Tiga belas tahun ia menjadi pedagang di Jakarta. Mulai dari pedagang keliling  hingga akhirnya ia memiliki sebuah kios sewaan di dekat terminal Lebak Bulus, Jakarta Selatan. Beberapa kali sebelumnya ia berpindah-pindah. Pernah di Jakarta Timur, Jakarta Barat, Jakarta Utara, dan terakhir di Jakarta Selatan. Tahun 1989, si bapak menikah. Anak pertamanya lahir setahun kemudian. Pada saat itulah ia pindah ke daerah Bogor, warungnya sekarang. Kalau dihitung, sudah 24 tahun si bapak berjualan di warungnya ini. Waktu yang sangat lama.

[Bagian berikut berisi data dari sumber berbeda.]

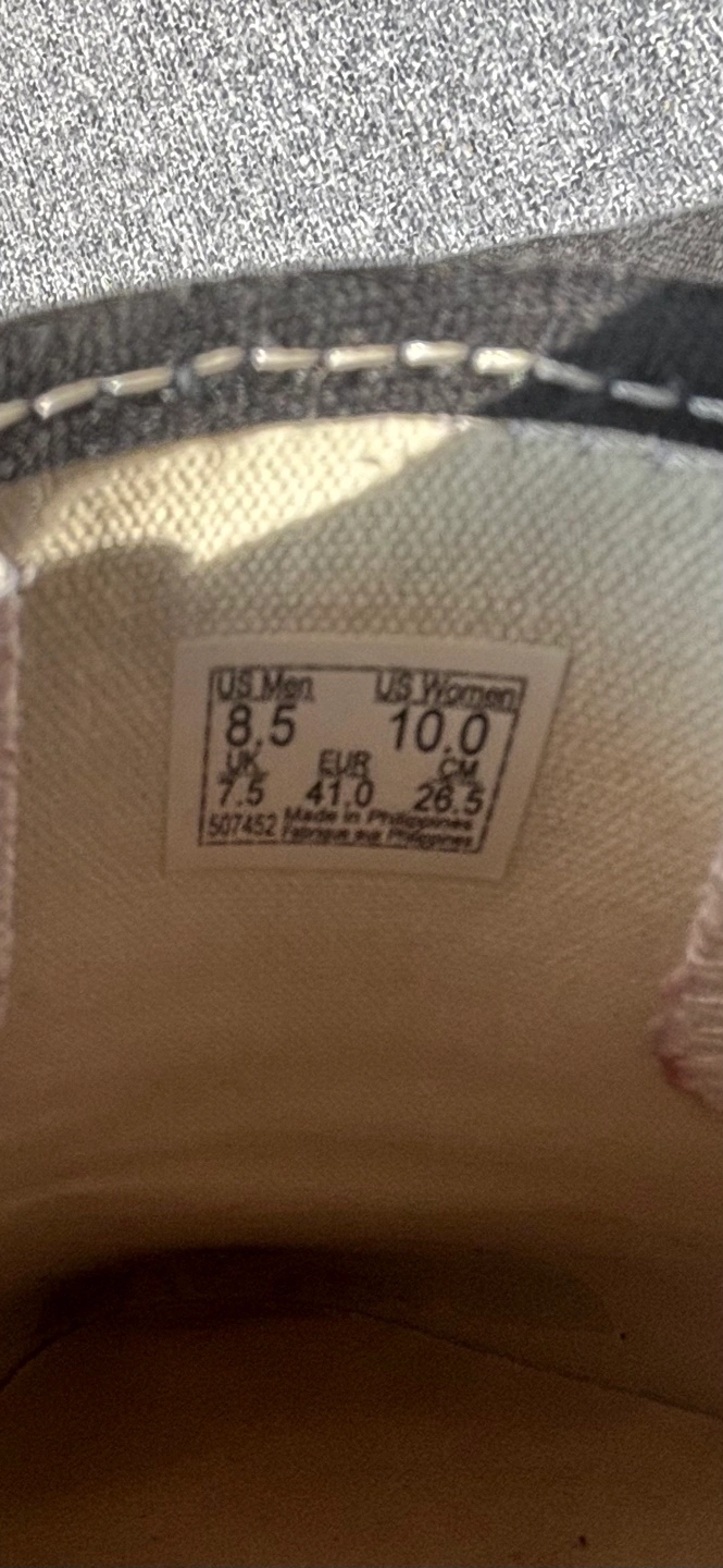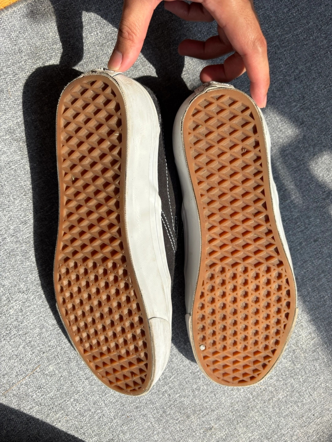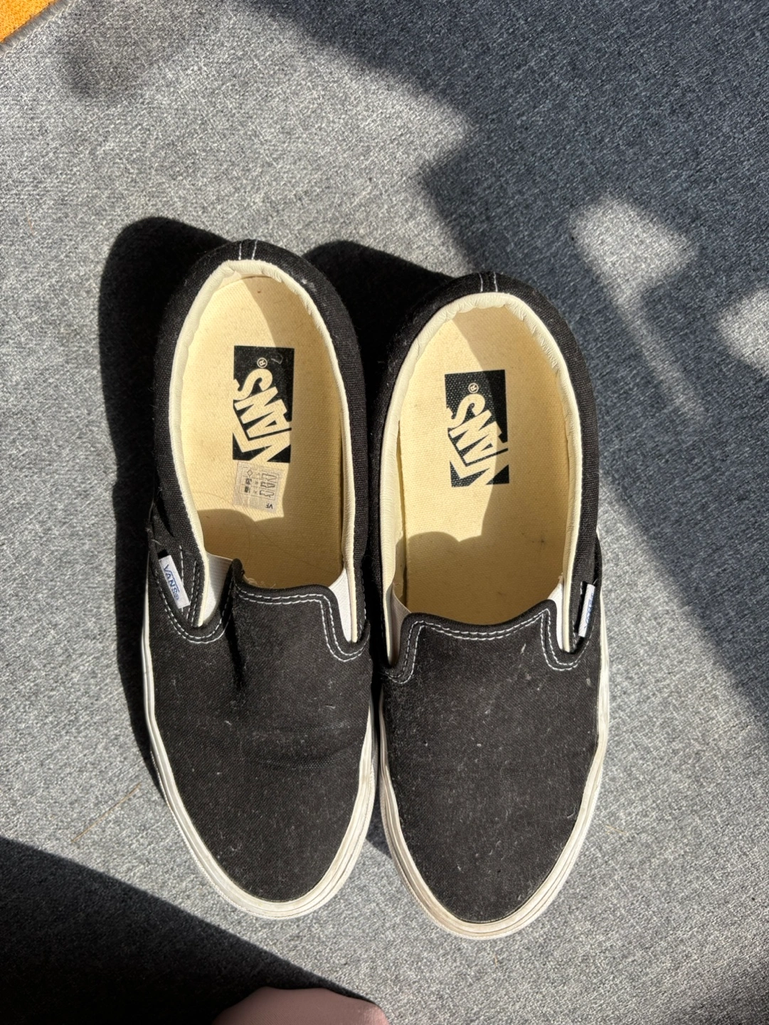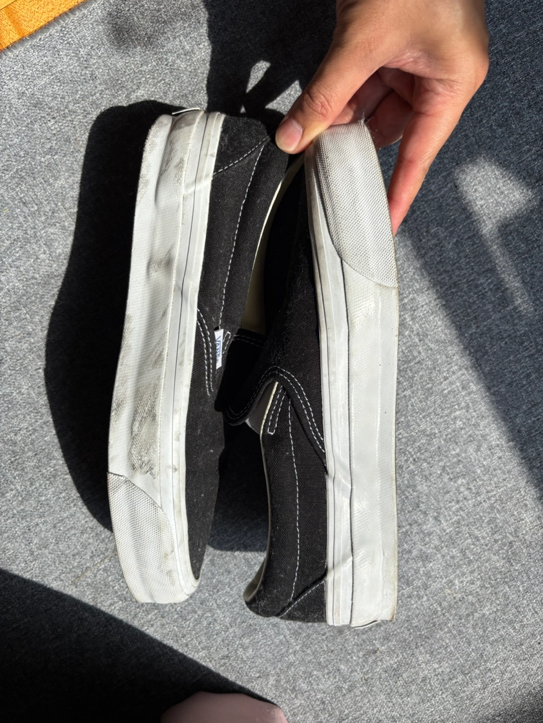 Selling a pair of Vans slip-on shoes in black. They're in used condition, as you can see in the photos. Size 8.5 US
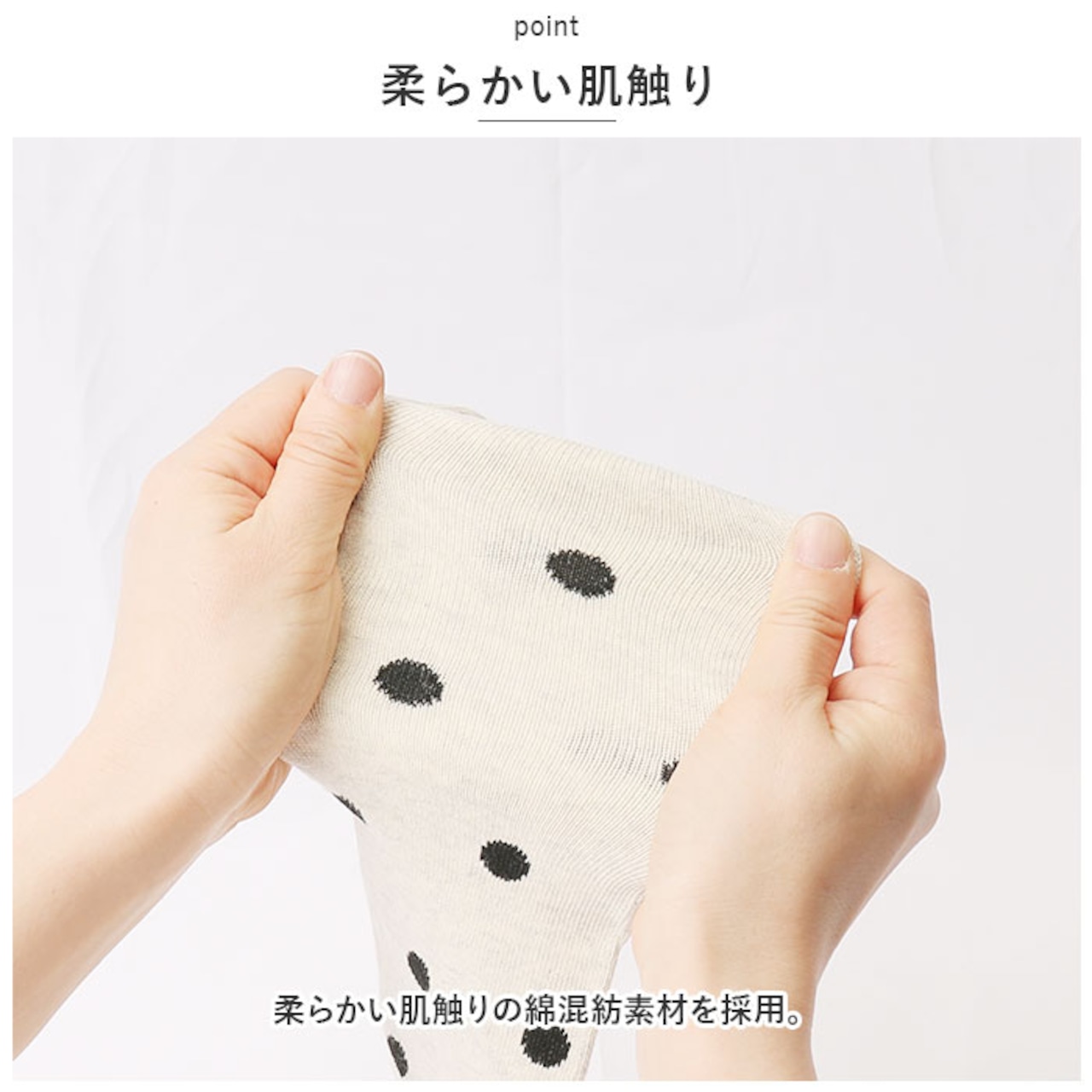 ・柔らかい肌触りの綿混紡素材を採用。

Si bapak bercerita, kadang-kadang kalau ia sedang duduk-duduk di bangkunya dan ia melihat anak sekolah berlari-lari di depannya, ia terkenang akan masa kecilnya di kampung saat sekolah dulu; mereka berlari-lari tanpa sepatu dan seragam sekolah. Kenapa ya ada masa-masa itu, kenangnya. Lagi ia bercerita, waktu kecil mereka harus membagi jatah makanan. Satu mangkuk nasi jagung (sambil menunjuk mangkuk mie rebusku) harus di makan dua kali, pagi dan siang, tidak boleh dihabiskan sekaligus. Kalau tidak, maka jatah makan siangpun juga tidak ada. Terpaksa berangkat ke sekolah dengan perut masih lapar.

Kalau dihitung, sudah 37 tahun si bapak meninggalkan kampung halamannya. Bulan lalu ia pulang untuk memperbaiki rumah di desa. Selama dua minggu, ia menitipkan warung ke seorang perempuan. Perempuan itu adalah istri dari (alm) temannya yang pertama kali mengajaknya merantau. Mereka sudah seperti keluarga. Senasib dan seperjuangan, katanya. Sekarang, si bapak memiliki tiga anak. Anak pertama bekerja di sebuah perusahaan tekstil sebagai ahli mekanik. Anak kedua juga sudah bekerja di salah satu toko di daerah Bogor. Dan anaknya perempuan, si bungsu, sudah kelas satu SMA.

Selain pengalaman hidup yang sudah dilewati dengan susah payah, hal menarik yang ia kisahkan adalah tentang cita-citanya. Si bapak berkata bahwa dulu kakak-kakaknya tidak lulus SD dan ia sendiri hanya lulus SD, maka kelak anak-anaknya harus melebihi dirinya. Setidaknya ketiga anaknya lulus sekolah menengah pertama (SMP). Satu tingkat lebih dari dirinya. Hidup saya begini-begini terus, tapi saya mau anak-anak saya sukses, kata si bapak. Ternyata, cita-cita si bapak melampaui yang ia harapkan. Bahkan kedua anaknya sekarang (si bungsu menyusul) bisa lulus sekolah menengah atas (SMA). Alhamdulillah, kata si bapak sambil menarik nafas panjang.***

Ketika kisah hidup yang panjang diceritakan dalam waktu kira-kira 90 menit (membaca kisah inipun tidak sampai 5 menit) membuat kita merenung betapa hidup ini singkat.. Gunakan waktu yang ada semaksimal mungkin. Lakukan apa yang bisa dilakukan hari ini. Dengan kata lain jangan suka menunda.